Close your eyes for a moment and imagine a future populated by super-intelligent robots. Now, imagine that you are a robot
historian who is looking back at the technological lineage that gave rise to your species. You would certainly imagine a different history than a human historian would. In fact, you would probably see humans as being an important, but not overly significant, part of the evolutionary machinery that gave rise to your kind. As soon as you robots had the opportunity to remove those troublesome "meatbots" from the development loop, you probably would.

This is the chilling scenario outlined by Manuel De Landa in the introduction to his War in the Age of Intelligent Machines. Even more frightening than this piece of dystopian whimsy is the argument made by De Landa that this "removing the humans from the loop" is exactly what the military has been trying to do in the last few decades using artificial intelligence, "smart" weaponry, and sophisticated surveillance technologies.

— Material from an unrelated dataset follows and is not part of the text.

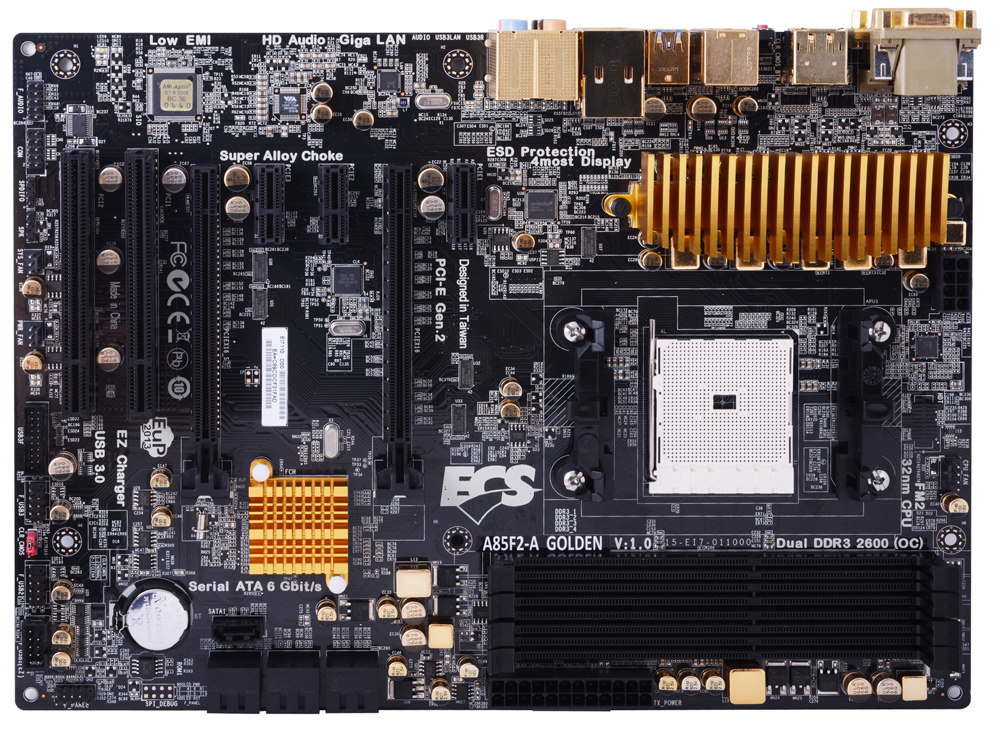 ECS A85F2-A GOLDEN is certified by ECS Nonstop Technology for the ultimate stability and reliability. ECS Nonstop Technology deliver a hassle-free computing experience by solving common PC hardware problems before they can even occur. Hardware enhancements and a strict series of specially-designed tests combine together to protect PCs and ensure that all ECS Nonstop Certified motherboards can be relied on for stability and reliability far into the future, long after competing products have failed. Nonstop features include enhanced gold plating on critical contacts, and all solid capacitors and Electrostatic Discharge (ESD) protection for VGA, USB, LAN and HDMI ports.

This is, by far, the most fascinating and informative book I've read all year. In it, De Landa carefully and clearly presents a history of military technology and the gradual process of transferring cognitive responsibilities from humans to machines. There are two threads simultaneously explored here. One is this process of human-to-machine transference, the other, an introduction to the science of self-organization and chaos theory. De Landa believes that we are at a historic juncture in our relationship with machines. He sees recent work in self-organizing systems and our new understanding of the role of chaos in the dynamics of order as being significant discoveries for the future of human-machine symbiosis. We have the opportunity, afforded by personal computer technologies and the autonomous individuals who use them, to forge a relationship with machines that will help "create new forms of collective intelligence... getting humans to interact with one another in more novel ways."

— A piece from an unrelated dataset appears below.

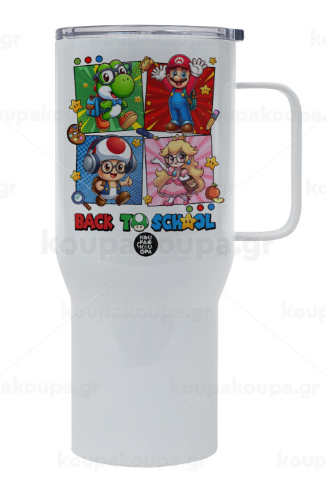 Back to the School Mario & Friends, Mega Stainless steel Tumbler with lid, double wall 750L

War in the Age of Intelligent Machines argues that the military has been rather put out by the rapid deployment of personal computers, both in the military and in society as a whole (a society which needs to be swept up into the war machinery in times of conflict). The military has been very resistant in incorporating decentralized, "personal" tech into the military control structure because it goes against their desire for total centralized control with advisory or even executive roles assigned to AI units.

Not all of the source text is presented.